Die strenge Durchformung des Aufmarsches, der Parade und des militärischen Umzugs mündet in den Stillstand der Massenversammlung, des Appells, der Kundgebung oder eines Gerichtstages. Die Massenbewegung endet in der statuarischen, groß angelegten Szene.

Die Motorik des Marschierens nimmt den Beteiligten jegliche Individualität. Die körperliche Präsenz reduziert sich auf das bewusstlose Funktionieren als Maschine. Bewegungsabläufe und die äußerliche Gleichförmigkeit im Erscheinungsbild ihrer Uniformen vermitteln den Kolonnen physische Stärke und strahlen unbesiegbare Willenskraft aus.
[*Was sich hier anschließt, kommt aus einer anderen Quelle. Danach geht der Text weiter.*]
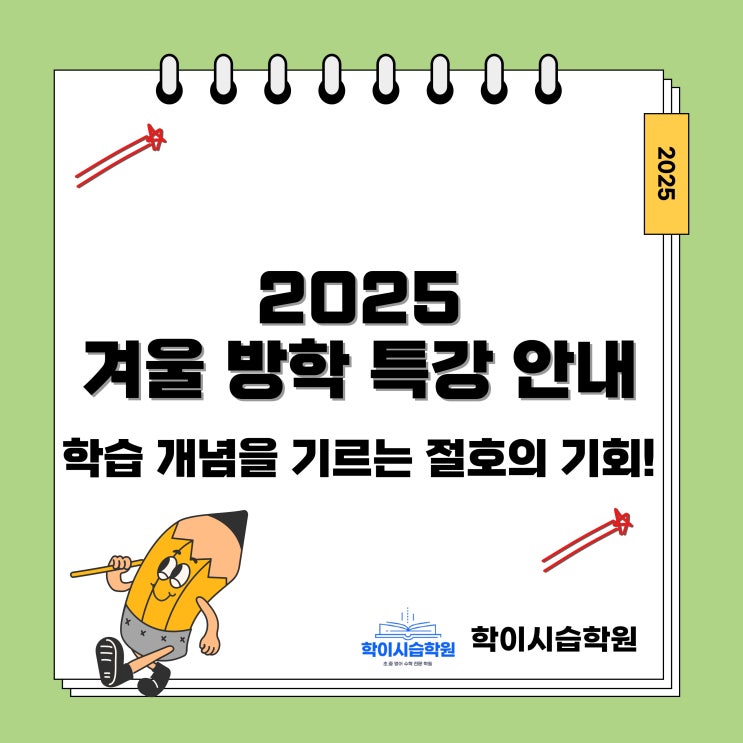 안녕하세요 성수동 학부모님들! 성수동에서 초등.중등 학생들을 대상으로 1:1 맞춤수업을 진행하는 스마트해법 영어·수학 학이시습학원입니다^^ 2025년도 어느 새 한 달도 채 남지 않았습니다. 잘 마무리하시고 희망찬 새해를 맞이하기를 바랍니다. 그리고 곧 겨울방학이 찾아오고 있네요^__^ 겨울방학은 한 학년 학습을 정리하고 다음 학년을 준비하는 결정적인 시기라는 것 알고 계시죠? 특히 영어·수학은 기초가 탄탄해야 다음 단계로 자연스럽게 올라갈 수 있기 때문에 방학 동안의 집중 학습이 무엇보다 중요합니다. 그래서 성수동 초.중등 스마트해법 영어·수학 학이시습학원에서 초·중등 학생들을 위한 겨울방학 특강을 준비했습니다! 학....... <img src="https://blogthumb.pstatic.net/MjAyNTEyMTBfMjk4/MDAxNzY1MzU2MTI1Njg3.dsVb7P1iRRubfMx-FXawno7g6zSrvaceqx_xD49wbiUg.SpSQGYBgZ_yAOJpAsqlgSfJfJ8Ru5kg84gVpUqxvDXMg.JPEG/%BA%ED%B7%CE%B1%D7%BD%E6%B3%D7%C0%CF-002_%281%29.jpg?type=s3" />
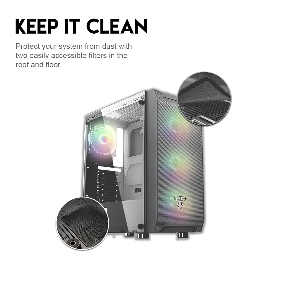 Support 6 RGB fans (3 front, 1 rear, 2 top) – 4 are included
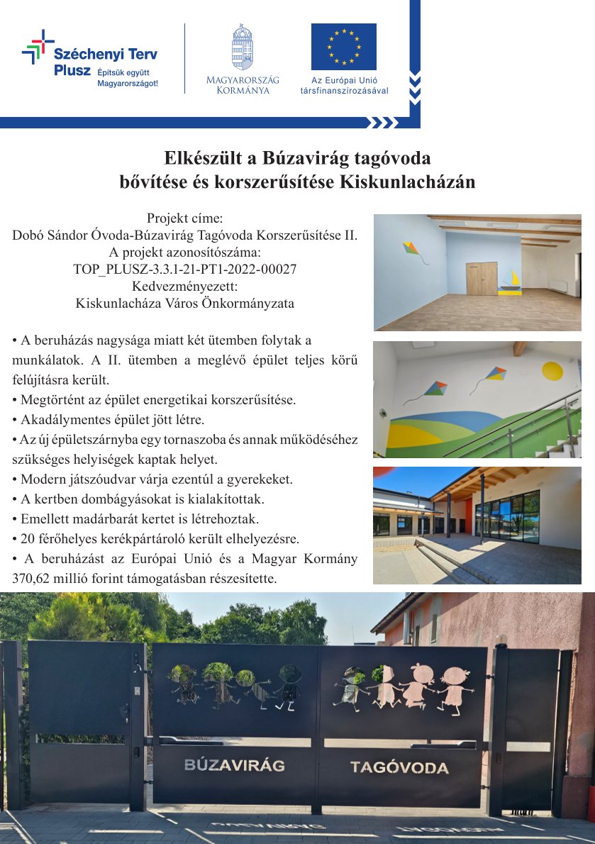 Eredménykommunikáció: Elkészült a Búzavirág tagóvoda bővítése és korszerűsítése Kiskunlacházán

Der Marschrhythmus bewirkt auf „motorische Weise […] einen triebhaft-reflexartigen Zustand latenter Aggressionsbereitschaft“165.

In einem der vielen „Kulturfilme“ der Propaganda demonstrieren die Nationalsozialisten die Macht des Marsches am Beispiel einer in Bewegungsablauf und Erscheinungsbild ungeordneten Horde unsortiert umhertorkelnder „Kämpfer“. Der geradezu lächerlich wirkenden und entsprechend kommentierten „Truppe“ aus vorfaschistischer Zeit wird eine straff geordnete und exakt marschierende NS-Kolonne ← 66 | 67 → entgegengesetzt und deren „herrliche Einheit und unbesiegbare Stärke“ gefeiert, der sich niemand entziehen könne. Auch das brav wirkende Passantenpaar am Straßenrand, das versucht, gegen den Marschrhythmus seine Schritte zu setzen, muss sich schließlich der „unbezähmbar starken Willenskraft“ der heranmarschierenden Kolonne ergeben und im Takt mitmarschieren.